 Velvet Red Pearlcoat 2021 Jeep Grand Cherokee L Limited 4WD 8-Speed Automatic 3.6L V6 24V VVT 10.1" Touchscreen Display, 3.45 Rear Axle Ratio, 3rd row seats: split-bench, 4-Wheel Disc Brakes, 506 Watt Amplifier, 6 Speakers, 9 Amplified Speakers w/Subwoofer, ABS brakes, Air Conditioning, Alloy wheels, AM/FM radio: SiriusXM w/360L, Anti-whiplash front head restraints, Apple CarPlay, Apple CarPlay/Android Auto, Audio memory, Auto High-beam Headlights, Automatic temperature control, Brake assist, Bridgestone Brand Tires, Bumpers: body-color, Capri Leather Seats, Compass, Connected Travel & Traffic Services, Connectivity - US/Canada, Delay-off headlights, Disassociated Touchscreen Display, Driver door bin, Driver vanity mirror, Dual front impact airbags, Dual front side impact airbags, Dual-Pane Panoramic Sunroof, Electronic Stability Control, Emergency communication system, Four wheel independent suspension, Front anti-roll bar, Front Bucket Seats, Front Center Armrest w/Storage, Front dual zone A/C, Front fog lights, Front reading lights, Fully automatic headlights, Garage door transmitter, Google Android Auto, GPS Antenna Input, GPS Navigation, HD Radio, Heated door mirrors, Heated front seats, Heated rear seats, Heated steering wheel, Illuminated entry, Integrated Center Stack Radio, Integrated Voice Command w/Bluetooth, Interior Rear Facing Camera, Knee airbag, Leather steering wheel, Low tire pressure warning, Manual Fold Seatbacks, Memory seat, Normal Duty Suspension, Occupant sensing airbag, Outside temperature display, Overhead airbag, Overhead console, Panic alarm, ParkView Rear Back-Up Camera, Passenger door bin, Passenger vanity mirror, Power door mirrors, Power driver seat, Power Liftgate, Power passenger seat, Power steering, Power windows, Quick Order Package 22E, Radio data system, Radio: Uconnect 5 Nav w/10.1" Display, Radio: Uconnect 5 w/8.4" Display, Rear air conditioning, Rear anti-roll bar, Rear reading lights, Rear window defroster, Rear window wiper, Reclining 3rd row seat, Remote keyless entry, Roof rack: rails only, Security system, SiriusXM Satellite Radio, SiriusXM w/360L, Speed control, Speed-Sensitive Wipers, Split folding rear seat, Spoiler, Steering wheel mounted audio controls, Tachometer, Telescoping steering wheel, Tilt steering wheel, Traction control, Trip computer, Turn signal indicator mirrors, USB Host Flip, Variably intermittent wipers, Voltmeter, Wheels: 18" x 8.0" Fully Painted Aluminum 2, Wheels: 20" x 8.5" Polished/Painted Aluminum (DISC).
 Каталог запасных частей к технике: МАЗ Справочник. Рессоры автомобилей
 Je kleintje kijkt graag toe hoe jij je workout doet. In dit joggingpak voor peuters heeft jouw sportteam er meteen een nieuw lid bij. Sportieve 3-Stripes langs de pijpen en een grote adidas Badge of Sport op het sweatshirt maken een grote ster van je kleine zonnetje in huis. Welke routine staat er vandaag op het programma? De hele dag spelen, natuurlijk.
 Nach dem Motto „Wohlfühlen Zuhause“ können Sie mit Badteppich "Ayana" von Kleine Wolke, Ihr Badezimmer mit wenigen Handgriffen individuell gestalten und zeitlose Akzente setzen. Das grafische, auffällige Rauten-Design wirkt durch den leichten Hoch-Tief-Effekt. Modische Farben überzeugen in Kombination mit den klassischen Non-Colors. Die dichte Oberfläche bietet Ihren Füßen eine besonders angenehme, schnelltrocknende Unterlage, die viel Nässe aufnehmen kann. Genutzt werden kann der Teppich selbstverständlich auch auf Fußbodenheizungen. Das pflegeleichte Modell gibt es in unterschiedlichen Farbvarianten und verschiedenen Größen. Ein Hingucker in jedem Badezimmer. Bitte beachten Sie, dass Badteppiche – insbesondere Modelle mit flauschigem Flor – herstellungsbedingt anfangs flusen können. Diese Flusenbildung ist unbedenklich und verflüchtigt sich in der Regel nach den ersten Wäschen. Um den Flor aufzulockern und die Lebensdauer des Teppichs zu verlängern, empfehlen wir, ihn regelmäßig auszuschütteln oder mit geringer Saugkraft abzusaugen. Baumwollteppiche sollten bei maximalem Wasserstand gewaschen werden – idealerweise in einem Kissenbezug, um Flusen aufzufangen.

= = = =

_Work to be completed_
Only the lines from the one with "Каталог запасных частей" through the end of the material are wanted; copy them exactly, both ends included.

_Exercise solution_
 Каталог запасных частей к технике: МАЗ Справочник. Рессоры автомобилей
 Je kleintje kijkt graag toe hoe jij je workout doet. In dit joggingpak voor peuters heeft jouw sportteam er meteen een nieuw lid bij. Sportieve 3-Stripes langs de pijpen en een grote adidas Badge of Sport op het sweatshirt maken een grote ster van je kleine zonnetje in huis. Welke routine staat er vandaag op het programma? De hele dag spelen, natuurlijk.
 Nach dem Motto „Wohlfühlen Zuhause“ können Sie mit Badteppich "Ayana" von Kleine Wolke, Ihr Badezimmer mit wenigen Handgriffen individuell gestalten und zeitlose Akzente setzen. Das grafische, auffällige Rauten-Design wirkt durch den leichten Hoch-Tief-Effekt. Modische Farben überzeugen in Kombination mit den klassischen Non-Colors. Die dichte Oberfläche bietet Ihren Füßen eine besonders angenehme, schnelltrocknende Unterlage, die viel Nässe aufnehmen kann. Genutzt werden kann der Teppich selbstverständlich auch auf Fußbodenheizungen. Das pflegeleichte Modell gibt es in unterschiedlichen Farbvarianten und verschiedenen Größen. Ein Hingucker in jedem Badezimmer. Bitte beachten Sie, dass Badteppiche – insbesondere Modelle mit flauschigem Flor – herstellungsbedingt anfangs flusen können. Diese Flusenbildung ist unbedenklich und verflüchtigt sich in der Regel nach den ersten Wäschen. Um den Flor aufzulockern und die Lebensdauer des Teppichs zu verlängern, empfehlen wir, ihn regelmäßig auszuschütteln oder mit geringer Saugkraft abzusaugen. Baumwollteppiche sollten bei maximalem Wasserstand gewaschen werden – idealerweise in einem Kissenbezug, um Flusen aufzufangen.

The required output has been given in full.